* RECORDED DATA:
--- START ---

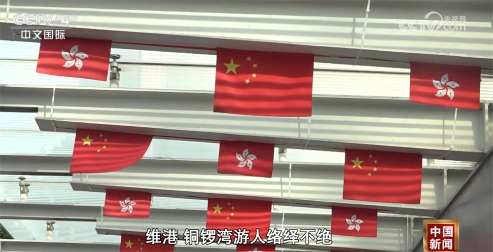 在香港的街头巷尾,五星红旗与紫荆花区旗迎风飘扬,祝福标语和庆祝海报处处可见,节日气氛浓郁。
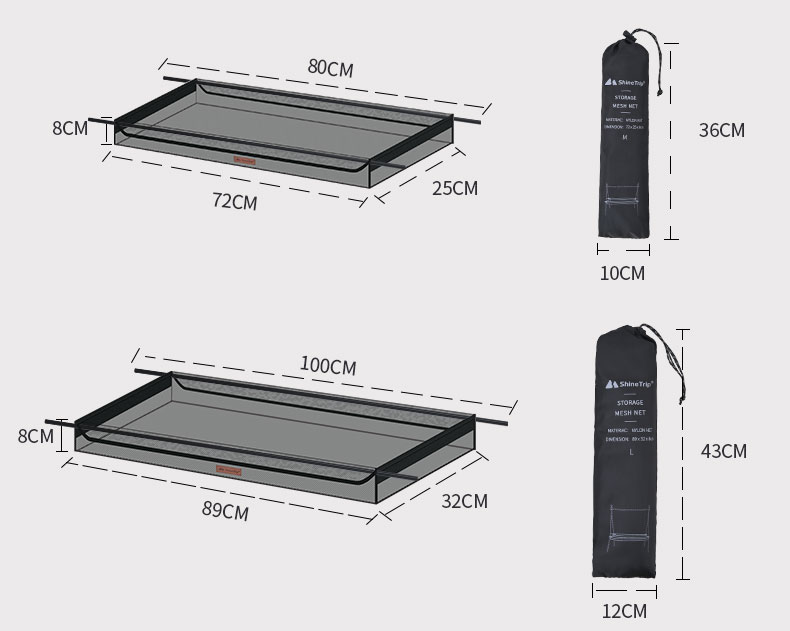 Packed Size 收纳尺寸: 36 x 10 x 5cm(M), 43 x 12 x 5cm(L)
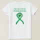 La conscience de la dépression utilise un ruban vert pour sa conscience de cause. L'art de la chemise présente un ruban vert de sensibilisation d'art cardiaque. Le t-shirt de sensibilisation note "Sensibilisation à la dépression". Il y a une grande image sur le dos de la chemise et une plus petite image sur le devant de la chemise. Le vêtement d'art de l'ange de la conscience verte peut être customisé de messages personnalisés pour faire des vêtements de cause pour les chemises de collecte de fonds, les chemises de promenade de l'équipe de groupe, des cadeaux de sensibilisation aux t-shirts, ou d'autres événements de cause spéciale occasions de marchandises pour aider à accroître la sensibilisation de la cause de traitement de la dépression en public pour l'aide de la société à créer de l'aide et de causer le changement.

--- END ---

* TASK INSTRUCTIONS:
Please retype the data exactly, but do not carry over any picture.

* RESULT OF THE EXERCISE:
 在香港的街头巷尾,五星红旗与紫荆花区旗迎风飘扬,祝福标语和庆祝海报处处可见,节日气氛浓郁。
 Packed Size 收纳尺寸: 36 x 10 x 5cm(M), 43 x 12 x 5cm(L)
 La conscience de la dépression utilise un ruban vert pour sa conscience de cause. L'art de la chemise présente un ruban vert de sensibilisation d'art cardiaque. Le t-shirt de sensibilisation note "Sensibilisation à la dépression". Il y a une grande image sur le dos de la chemise et une plus petite image sur le devant de la chemise. Le vêtement d'art de l'ange de la conscience verte peut être customisé de messages personnalisés pour faire des vêtements de cause pour les chemises de collecte de fonds, les chemises de promenade de l'équipe de groupe, des cadeaux de sensibilisation aux t-shirts, ou d'autres événements de cause spéciale occasions de marchandises pour aider à accroître la sensibilisation de la cause de traitement de la dépression en public pour l'aide de la société à créer de l'aide et de causer le changement.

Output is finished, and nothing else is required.